(Collected data entries)
-- Opening Marker --

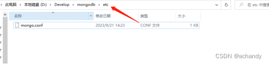 2.3、新建配置文件 mongo.conf ,内容如下(注意:dbpath和logpath。这个是根据你的文件夹路径写的)
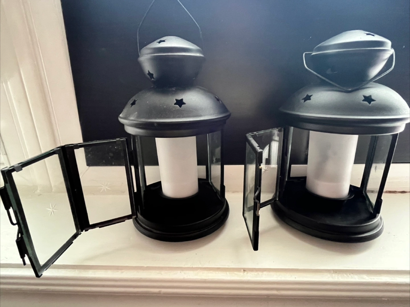Two black metal lanterns. Star cutouts. Glass panels. LED candle included. Perfect for home decor.
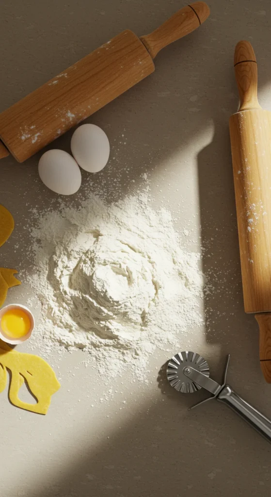 Start by creating a mound of flour on a clean surface. Use your hands or the bottom of a bowl to make a well in the center. Crack the eggs into the well, add a pinch of salt, and drizzle in a touch of olive oil if desired.
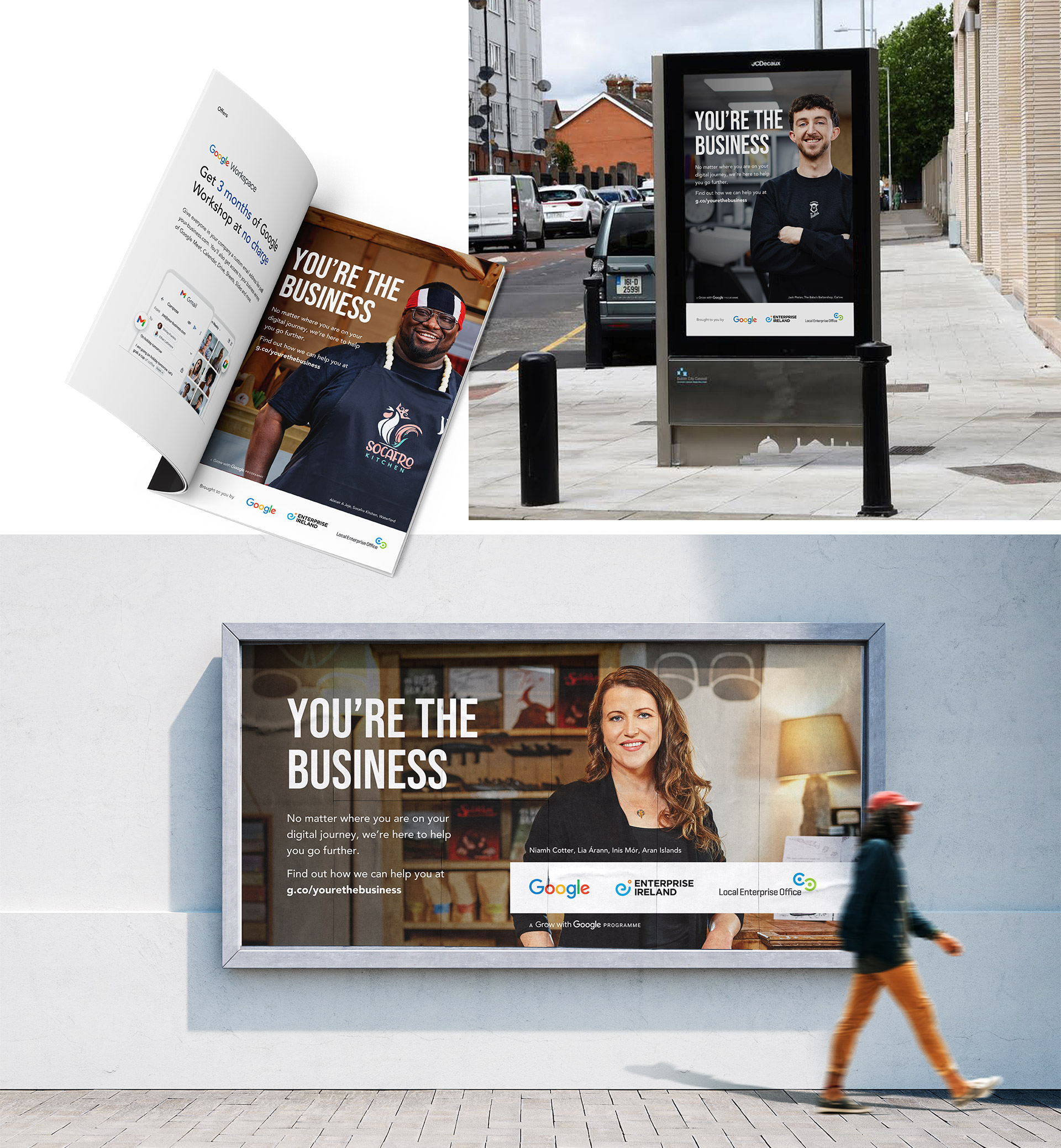 ATL and BTL campaign done for Google Ireland, released in Dublin. The image of the campaign was a selection of four Irish business. I came up with the concept idea and the work was extended to OOH, print and online ads, websites, emailing, training courses, presentations, radio ads, video and event production. The campaign has been featured in several press publications such as Business World, WMB and Silicon Republic.
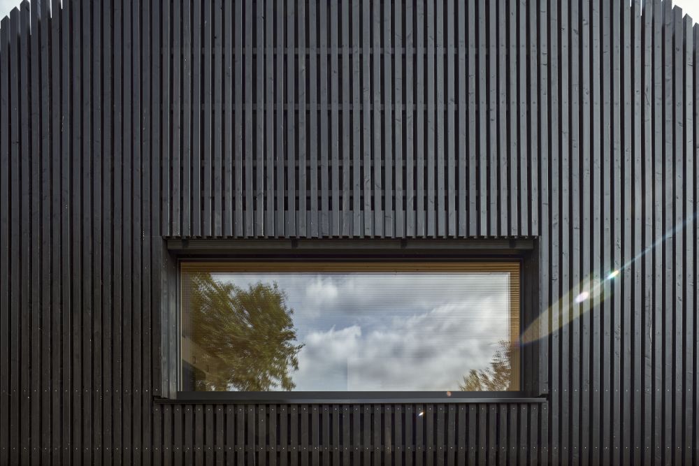 Dům je kombinací moderní čistoty s přírodními motivy a vytváří se svým okolím vizuálně ohromující celek. Důmyslně navržený exteriér, ozvláštněný černými latěmi a elegantními liniemi, tvoří nevšední komplex a skvěle komunikuje se zahradou i vodní plochou, která jí dominuje. S tmavým exteriérem domu kontrastuje světlý interiér, jehož design je navržen tak, aby kombinoval moderní estetiku s pohodlím a harmonií přírodních prvků. Všechny místnosti mají světlé omítky a dřevěné obložení, stropy jsou z laťového rastru s integrovaným osvětlením, okna i dveře jsou ze stejného materiálu jako obklad, podlahy pokrývají dřevěné lamely a dlažba.

-- Closing Marker --

# [Your task]
Each entry above should be restated word for word, though no picture may appear in the copy.

# [Your response]
 2.3、新建配置文件 mongo.conf ,内容如下(注意:dbpath和logpath。这个是根据你的文件夹路径写的)
Two black metal lanterns. Star cutouts. Glass panels. LED candle included. Perfect for home decor.
 Start by creating a mound of flour on a clean surface. Use your hands or the bottom of a bowl to make a well in the center. Crack the eggs into the well, add a pinch of salt, and drizzle in a touch of olive oil if desired.
 ATL and BTL campaign done for Google Ireland, released in Dublin. The image of the campaign was a selection of four Irish business. I came up with the concept idea and the work was extended to OOH, print and online ads, websites, emailing, training courses, presentations, radio ads, video and event production. The campaign has been featured in several press publications such as Business World, WMB and Silicon Republic.
 Dům je kombinací moderní čistoty s přírodními motivy a vytváří se svým okolím vizuálně ohromující celek. Důmyslně navržený exteriér, ozvláštněný černými latěmi a elegantními liniemi, tvoří nevšední komplex a skvěle komunikuje se zahradou i vodní plochou, která jí dominuje. S tmavým exteriérem domu kontrastuje světlý interiér, jehož design je navržen tak, aby kombinoval moderní estetiku s pohodlím a harmonií přírodních prvků. Všechny místnosti mají světlé omítky a dřevěné obložení, stropy jsou z laťového rastru s integrovaným osvětlením, okna i dveře jsou ze stejného materiálu jako obklad, podlahy pokrývají dřevěné lamely a dlažba.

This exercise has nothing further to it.